- [Assignment]
Every line from the line containing "Hopean värinen teline" through the end of the data is to be reproduced exactly, excluding pictures.

- [Material supplied]
:::

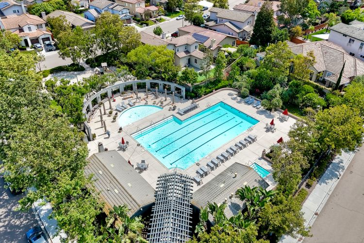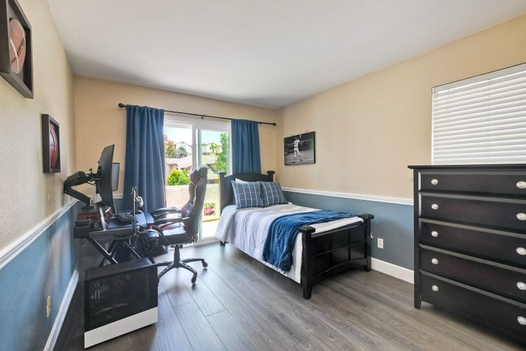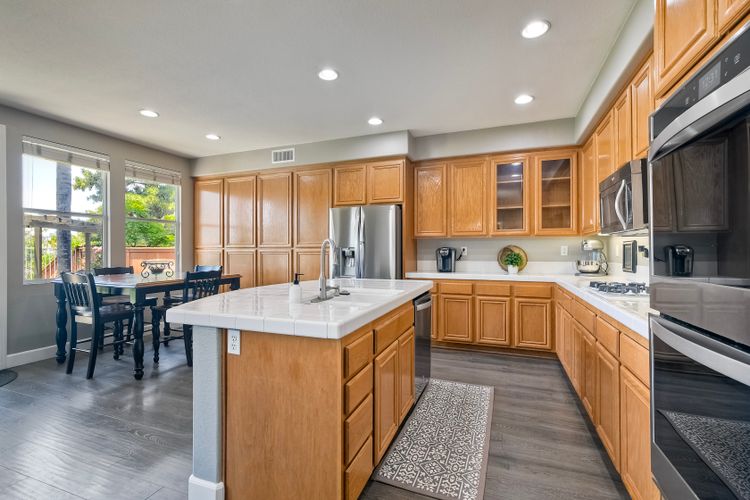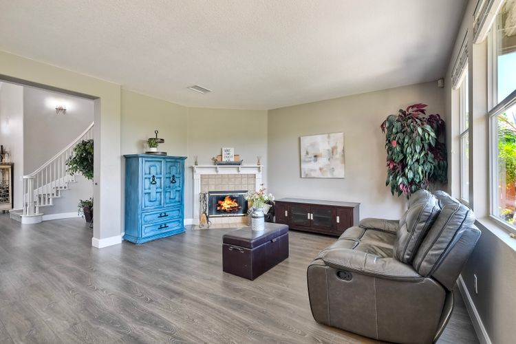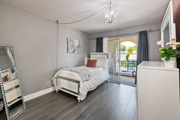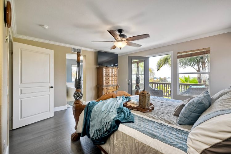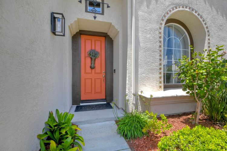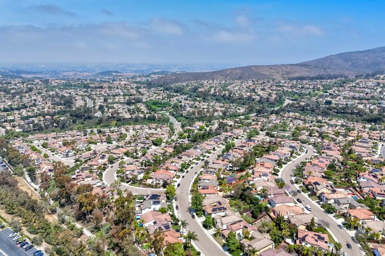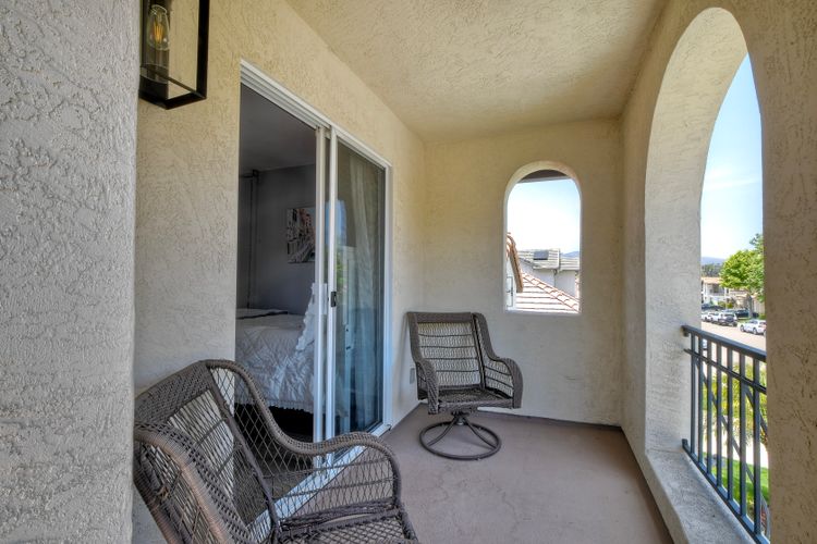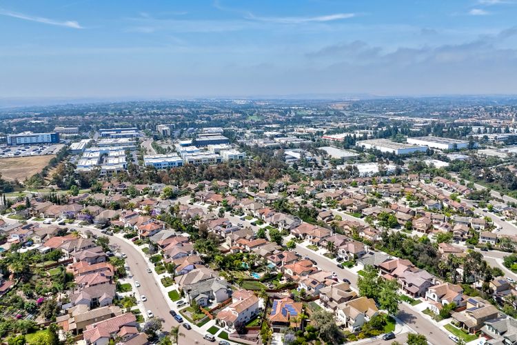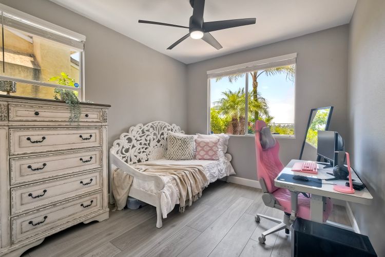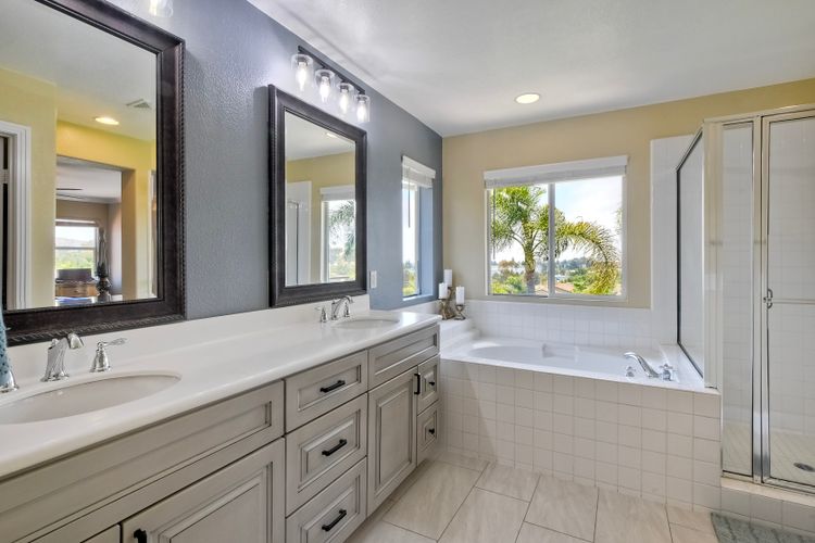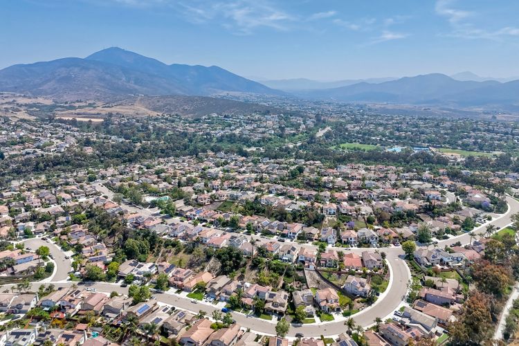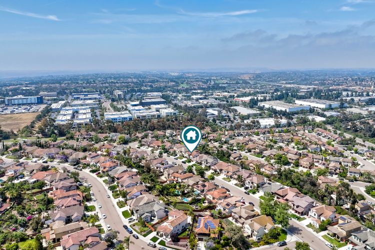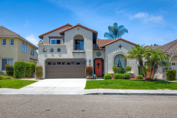 Drop-dead gorgeous Rolling Hills Ranch home with an impeccable curb appeal, an entertainer’s dream backyard, paid solar, and a desirable main-level bedroom with a full bath. This home is move-in ready and perfectly situated for your summer fun in a vibrant community. Enjoy access to multiple resort-style pools, green parks, playgrounds, and a prime location near shopping, dining, and scenic hiking and biking trails. In addition, you're just a short drive from the North Island Credit Union Amphitheatre, where the biggest names in music perform year-round. Step inside to soaring ceilings, abundant natural light, fresh interior paint, crown molding, and beautiful laminate flooring throughout (excluding bathrooms and stairs). The grand, curved staircase is a showpiece of this home, and the surrounding living room is the perfect place to entertain friends and family. The spacious kitchen is a chef’s dream. It features a center island with bar seating, a cozy breakfast nook, stainless steel appliances, and an entire wall of storage cabinets for all of your supplies, plus an open sightline to the cozy family room with fireplace. Upstairs, all bedrooms have their own private balconies, including the primary suite which offers breathtaking sunset views. Its ensuite bathroom boasts beautiful cabinetry, dual sinks, a soaking tub, and a separate walk-in shower. Enjoy San Diego’s amazing weather as you step outside to your ultra-private tropical backyard, complete with lush green trees, mature palms, grass, gazebo, and patio. No visible neighbors behind you! Offering unobstructed panoramic views and cool breezes, it's a true entertainers paradise. Updates include newer cabinetry in the primary suite, updated bathroom fixtures, newer A/C and HVAC systems, and a pressure gauge. A wired security system and home alarm with ADT provides peace of mind. Ceiling fans and A/C keep you comfortable. The spacious garage includes ceiling-mounted pulley racks to maximize your storage potential. No Mello-Roos and low HOA! Paid solar! Excellent local public schools. Make this spectacular home your San Diego oasis before it's gone!
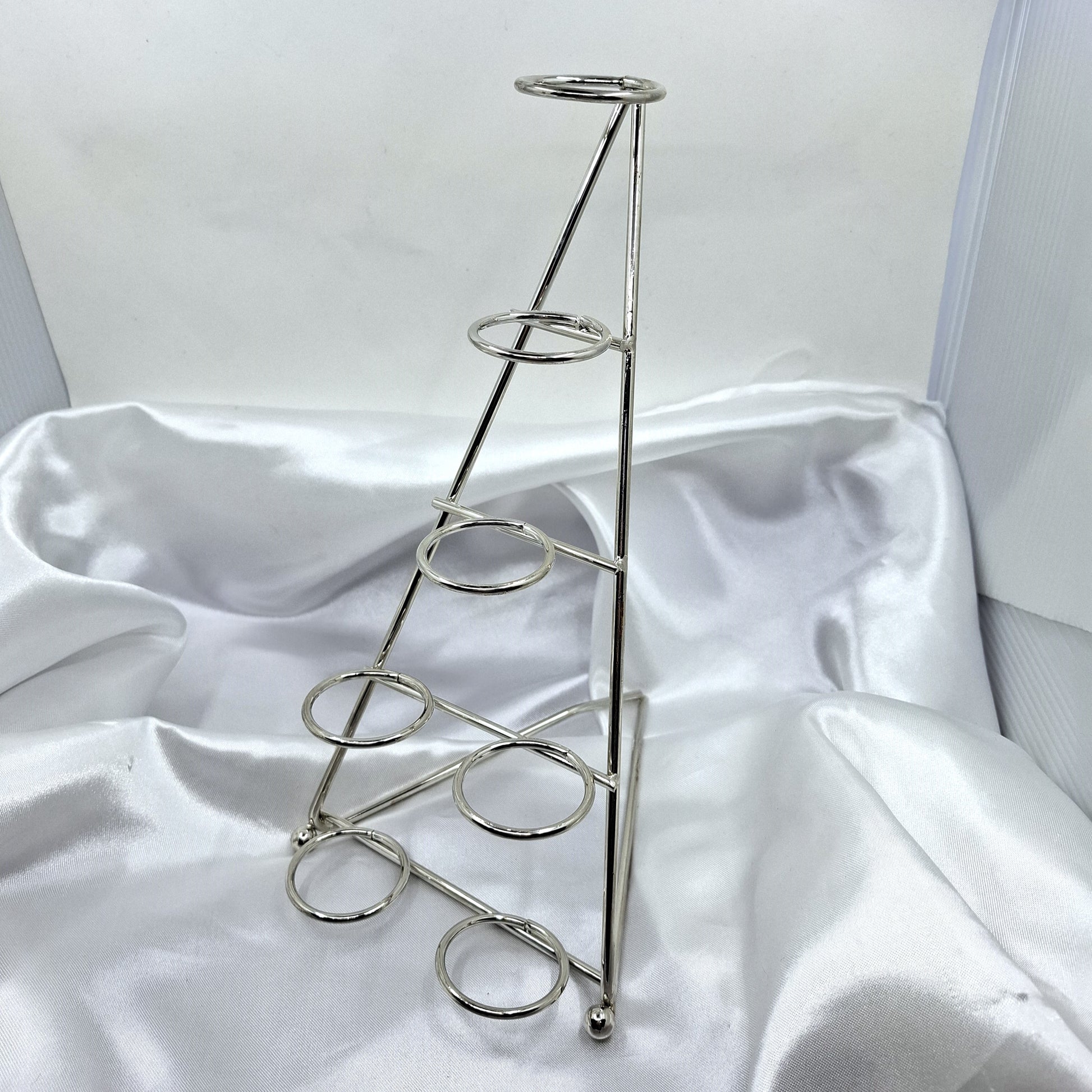 Hopean värinen teline seitsemälle kivipallolle. Telineen korkeus 26cm. Sopii parhaiten 35-45mm kivipalloille.
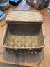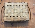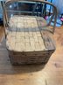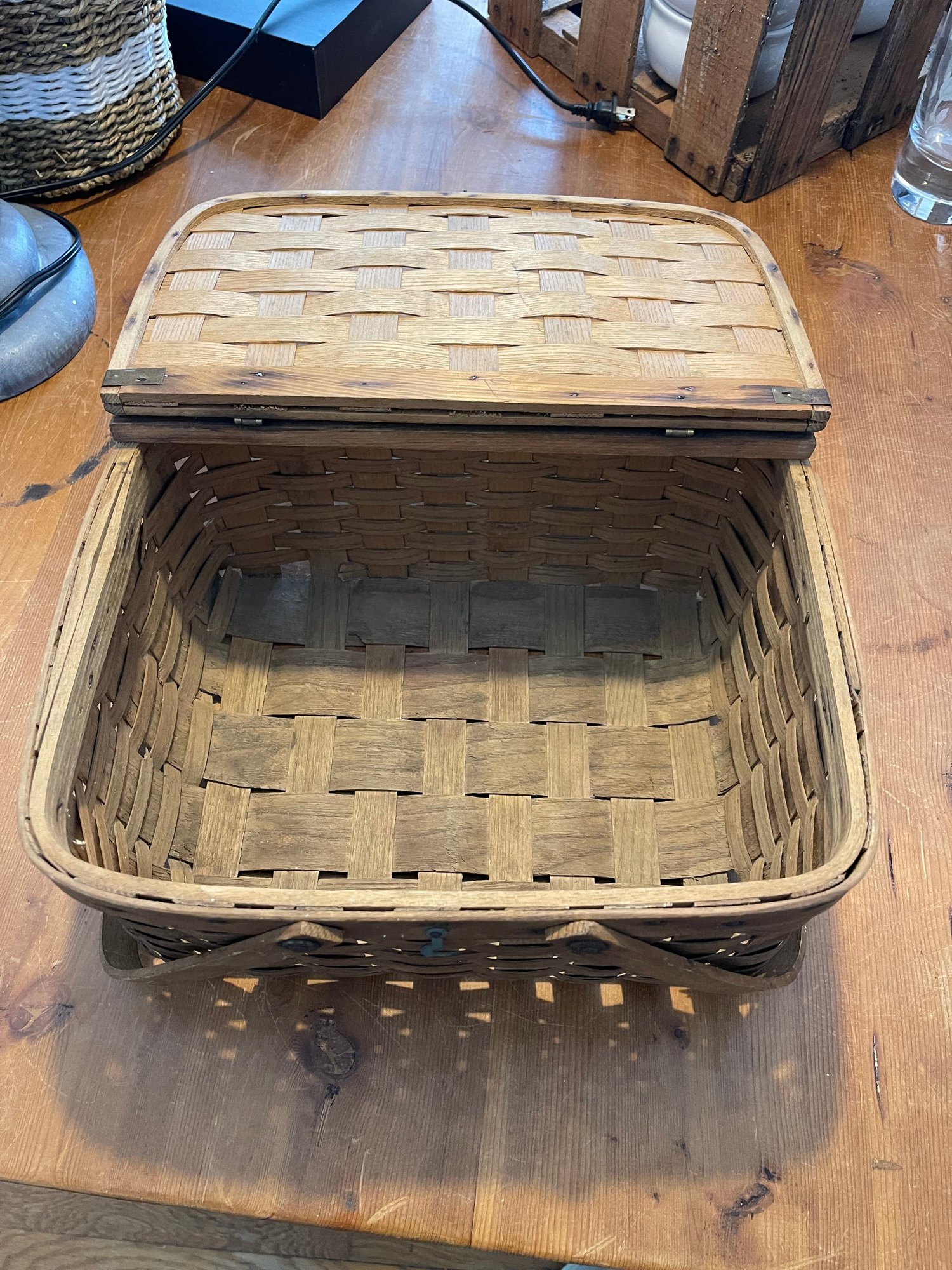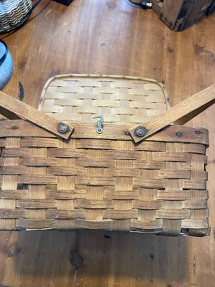 Vintage woven wooden splint picnic basket with a hinged lid and double handles. It
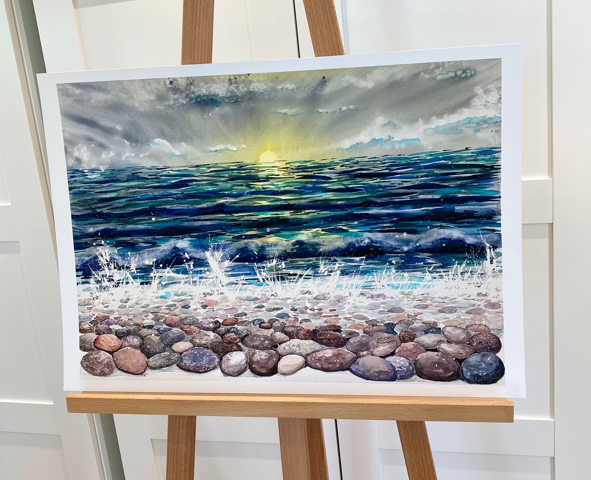 This painting has a fresh morning sun rising over a calm ocean full of blues and greens. The pebbles have a realistic finish and provide endless details to look at. The watercolours used all have deep vibrant colours and some details are added in ink.
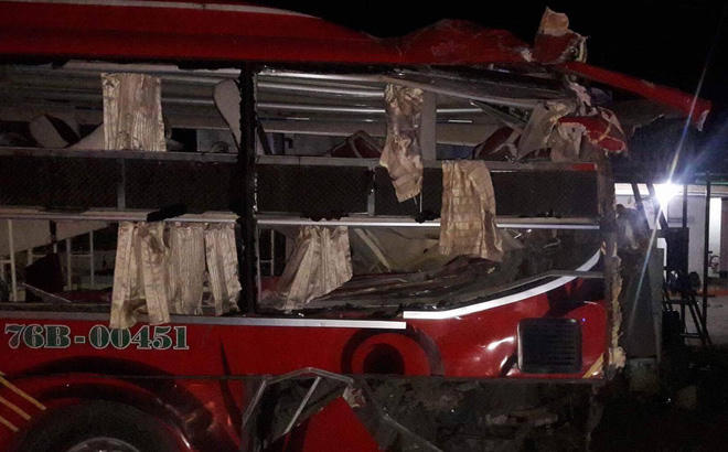 Thông tin ban đầu, khoảng 0h15 ngày 19/7, xe khách giường nằm BKS 76B - 00451 của nhà xe Kim Thành lưu thông trên quốc lộ 1A, hướng Quãng Ngãi đi Bình Dương.

:::

- [Result of the exercise]
 Hopean värinen teline seitsemälle kivipallolle. Telineen korkeus 26cm. Sopii parhaiten 35-45mm kivipalloille.
 Vintage woven wooden splint picnic basket with a hinged lid and double handles. It
 This painting has a fresh morning sun rising over a calm ocean full of blues and greens. The pebbles have a realistic finish and provide endless details to look at. The watercolours used all have deep vibrant colours and some details are added in ink.
 Thông tin ban đầu, khoảng 0h15 ngày 19/7, xe khách giường nằm BKS 76B - 00451 của nhà xe Kim Thành lưu thông trên quốc lộ 1A, hướng Quãng Ngãi đi Bình Dương.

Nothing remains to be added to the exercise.